Given the general right-wing bent of the editorial page at the Washington Post, perhaps less shrill than the WSJ but almost equally pro-war, it’s a bit of a surprise to read this editorial in the Post today. They actually disagree with the Supreme Court ruling in the Bong Hits 4 Jesus case!
You probably read about the student in Juneau who put up a banner with the offending slogan across the street from his school during a school event. His banner was torn down and he was suspended, so he sued claiming free speech rights. I expect that’s why the Post feels some kinship with the case, since they told a bunch of whoppers a few years back themselves. They haven’t really processed that yet, with a couple of exceptions like Froomkin. But when they’ve made excuses, they’ve often referred to the First Amendment.

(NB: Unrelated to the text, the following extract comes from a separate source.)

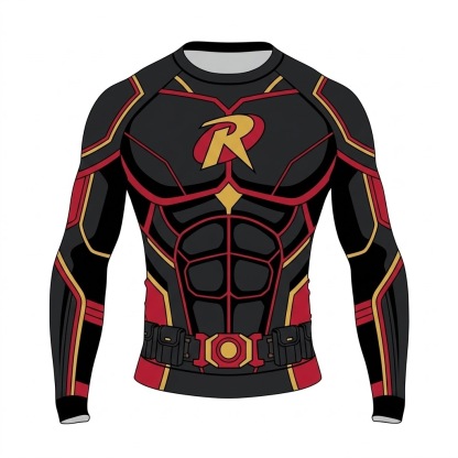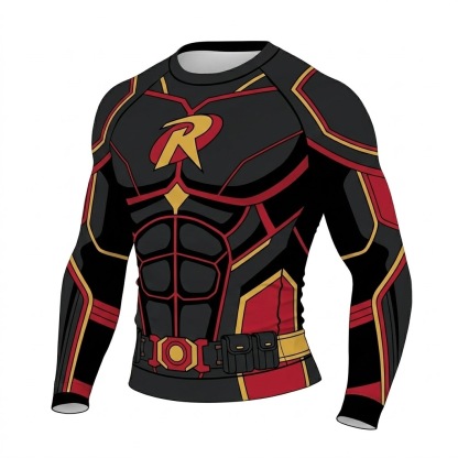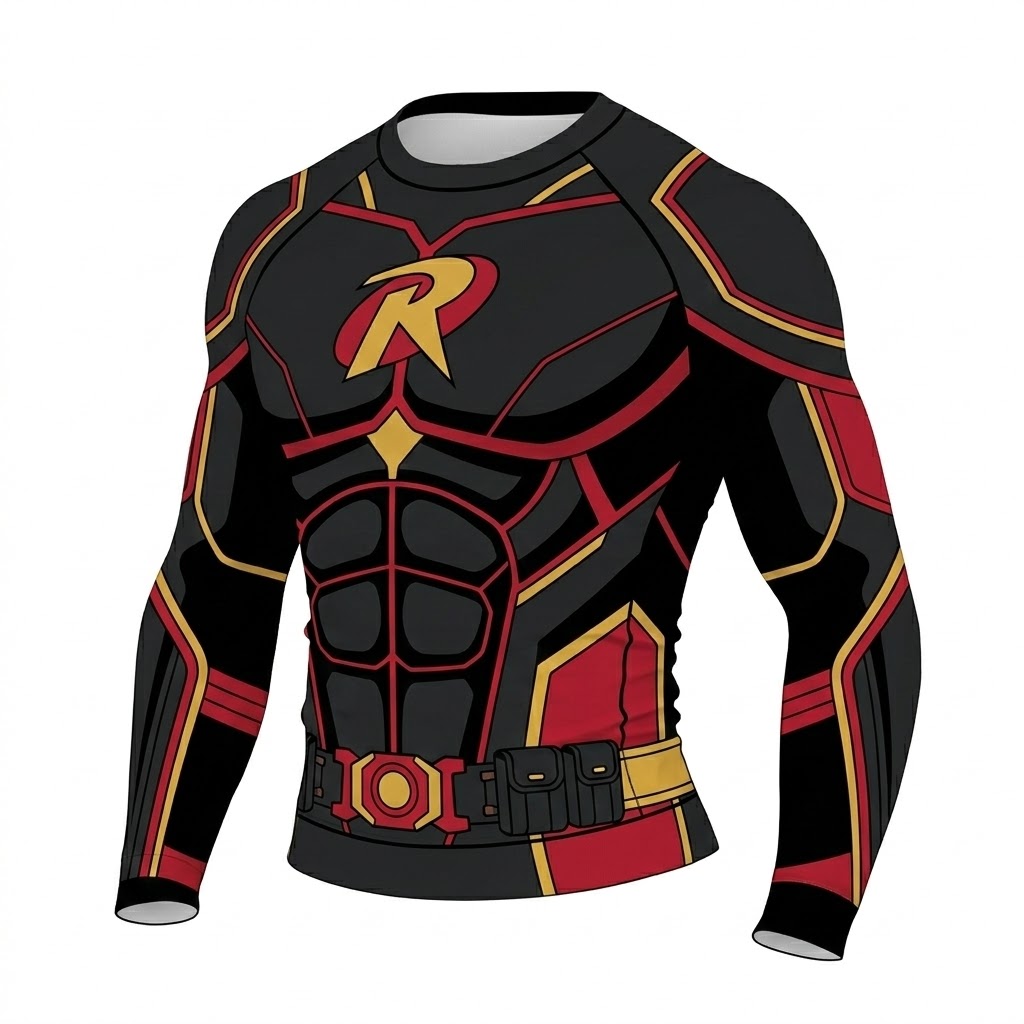 Superhero Robin Assassin Heir Black Red Long Sleeve Compression Shirt
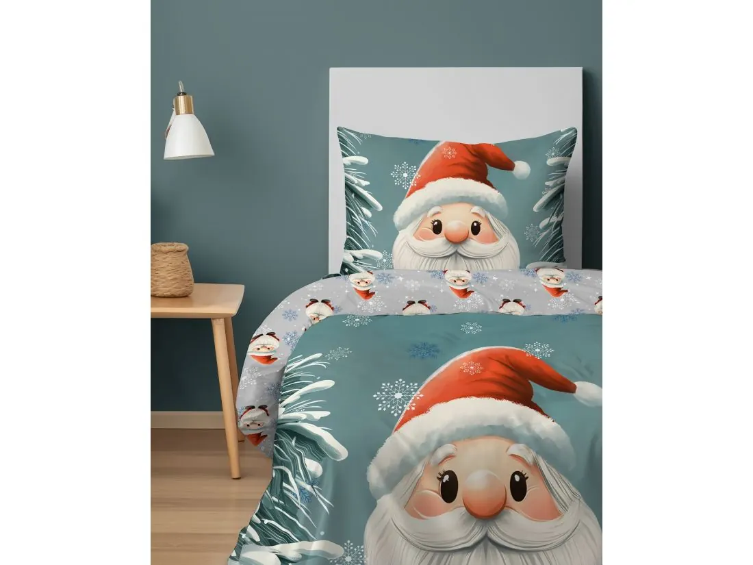 Poszewka na poduszkę powtarza motyw Mikołaja wśród ośnieżonych gałęzi. Odwrotna strona pościeli pokryta jest drobnym, powtarzalnym wzorem Mikołaja i śnieżynek na jasnoszarym tle, co zapewnia spójność i lekkość kompozycji.

So they can see the kid’s point, or rather the lack thereof:
As Justice John Paul Stevens wrote in his dissent: “To the extent the court independently finds that ’Bong Hits 4 Jesus’ objectively amounts to the advocacy of illegal drug use — in other words, that it can most reasonably be interpreted as such — that conclusion practically refutes itself. This is a nonsense message, not advocacy.”
Perhaps that nonsense thing is what the editors at the Post are connecting to.
Or perhaps they’ve been sneaking out to the alley on break:
Issues of drug use and drug policy are matters of serious contention. High school students must be able to debate them frankly — and that might even involve students taking the position that bong hits are not that bad.